Description:: Build transcript metadata table for model genes with transcript-level annotation fields used by downstream transcript IFP expansion.

Parameters:

gene_ids (Sequence[str]) – Model gene identifiers.
gene_id_type (str) – Gene identifier namespace.
species (str | None) – Optional species hint forwarded to provider.
provider (str) – Translation provider key.
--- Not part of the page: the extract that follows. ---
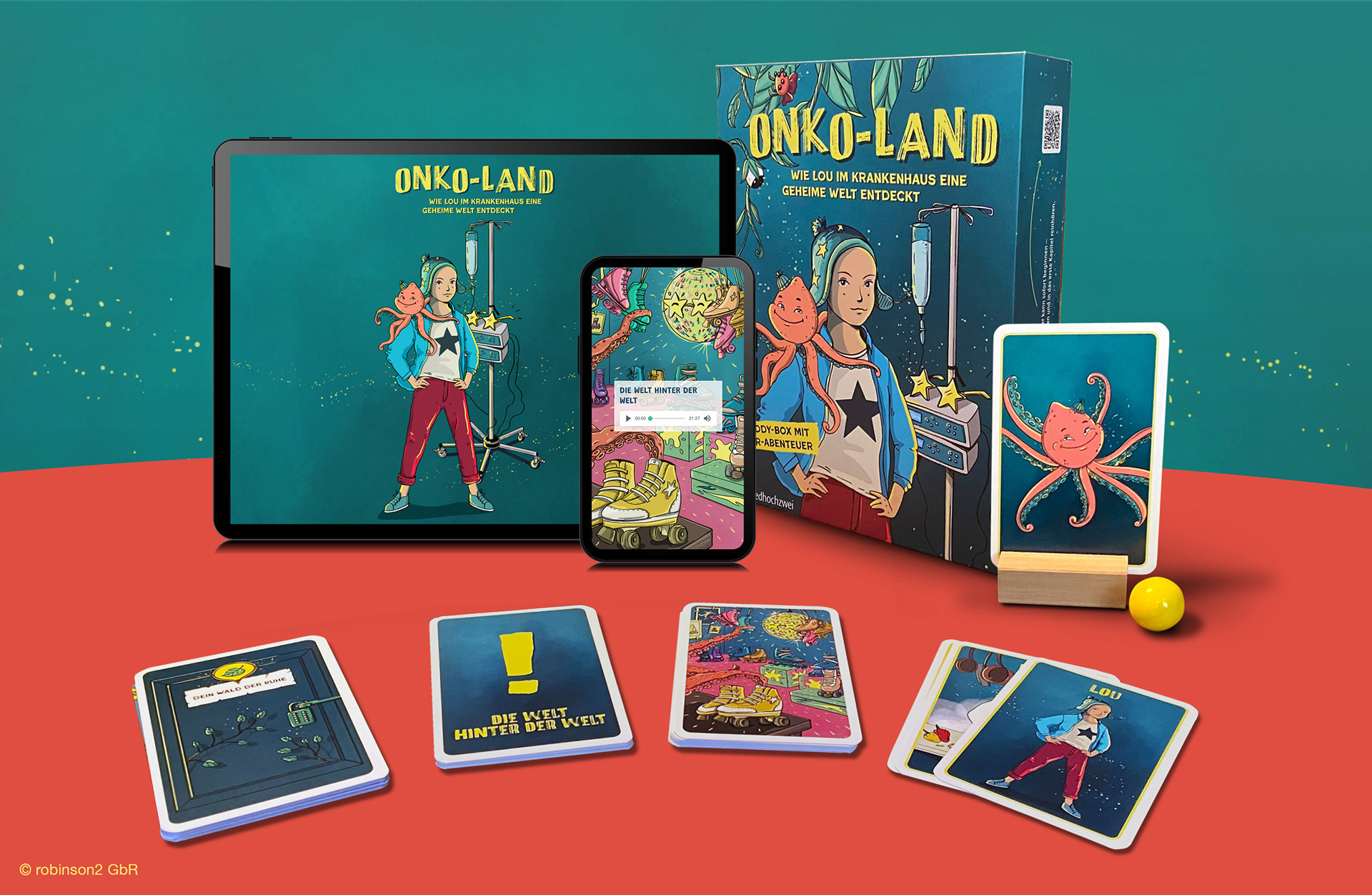 ONKO-LAND is published by the Veronika Foundation, Rottenburg, which, among other things, supports services for seriously ill people. Element 3 e. V. was commissioned with the development, and medhochzwei Verlag with the production.

Supported values: auto, mygene.
max_workers (int) – Maximum number of parallel worker threads.
batch_size (int) – Number of identifiers per provider query chunk.

Returns:

pd.DataFrame –

Transcript metadata table with columns:: transcript_id, gene_id, is_protein_coding, is_canonical, peptide_len, cdna_len, peptide_seq, cdna_seq.

Raises:

ValueError – If provider or gene identifier namespace is unsupported.

static _deduplicate_identifiers(identifiers: Sequence[str]) → list[str][source]
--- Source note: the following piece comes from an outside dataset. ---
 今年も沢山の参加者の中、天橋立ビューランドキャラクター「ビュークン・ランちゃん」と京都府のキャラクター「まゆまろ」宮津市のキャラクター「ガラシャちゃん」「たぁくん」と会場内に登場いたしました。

Generated: validation needed.

Description:: Deduplicate and strip identifiers while preserving input encounter order.

Parameters:: identifiers (Sequence[str]) – Raw identifier sequence.
Returns:: list[str] – Deduplicated non-empty identifiers.
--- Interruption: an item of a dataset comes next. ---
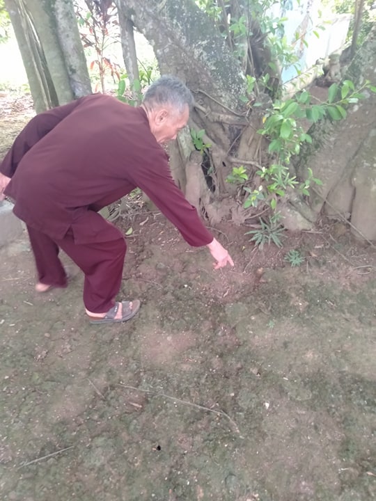 “6 năm trước tôi từ nhà con trai tới đền thì hốt hoảng phát hiện dưới gốc đa có con rắn hổ mang to, dài khoảng hơn 2m nằm im lìm trên nền đất.

_translate_with_mygene(*, identifiers: Sequence[str], source_id_type: str, target_id_type: str, species: str | None, max_workers: int, batch_size: int) → dict[str, str][source]

Generated: validation needed.

Description:: Translate identifier chunks through MyGene queries and merge first-hit mappings.

Parameters:

identifiers (Sequence[str]) – Identifiers to map.
source_id_type (str) – Source identifier namespace.
target_id_type (str) – Target identifier namespace.
species (str | None) – Optional species hint accepted by MyGene.
max_workers (int) – Maximum number of parallel worker threads.
batch_size (int) – Number of identifiers per provider query chunk.

Returns:

dict[str, str] – Source identifier to first resolved target identifier.

Raises:

ValueError – If source or target identifier namespace is unsupported.

static _query_mygene_chunk(chunk: list[str], source_scope: str, field_string: str, species: str | None) → list[dict[str, Any]][source]

Generated: validation needed.

Description:: Execute one MyGene querymany call for one identifier chunk.

Parameters:

chunk (list[str]) – Identifier chunk.
source_scope (str) – MyGene scopes value.
field_string (str) – MyGene fields value.
species (str | None) – Optional species filter.

Returns:

list[dict[str, Any]] – Raw MyGene hits for chunk.

static _extract_target_identifier(hit: dict[str, Any], *, target_id_type: str) → str | None[source]

Generated: validation needed.

Description:: Extract one target identifier from one MyGene hit record.

Parameters:

hit (dict[str, Any]) – MyGene hit record.
target_id_type (str) – Target namespace selector.

Returns:

str | None – First resolved target identifier when available.

static _extract_ensembl_gene_identifier(hit: dict[str, Any]) → str | None[source]

Generated: validation needed.

Description:: Extract one Ensembl gene identifier from variant MyGene hit structures.

Parameters:: hit (dict[str, Any]) – MyGene hit record.
Returns:: str | None – First resolved Ensembl gene identifier.

_extract_transcript_rows_from_hit(hit: dict[str, Any]) → list[dict[str, Any]][source]

Generated: validation needed.

Description:: Extract transcript metadata rows from one MyGene hit payload.

Parameters:: hit (dict[str, Any]) – MyGene hit record.
Returns:: list[dict[str, Any]] – Transcript metadata rows.

static _extract_canonical_transcript_identifier(hit: dict[str, Any]) → str | None[source]

Generated: validation needed.

Description:: Extract canonical transcript identifier from one MyGene hit payload.

Parameters:: hit (dict[str, Any]) – MyGene hit record.
Returns:: str | None – Canonical transcript identifier when available.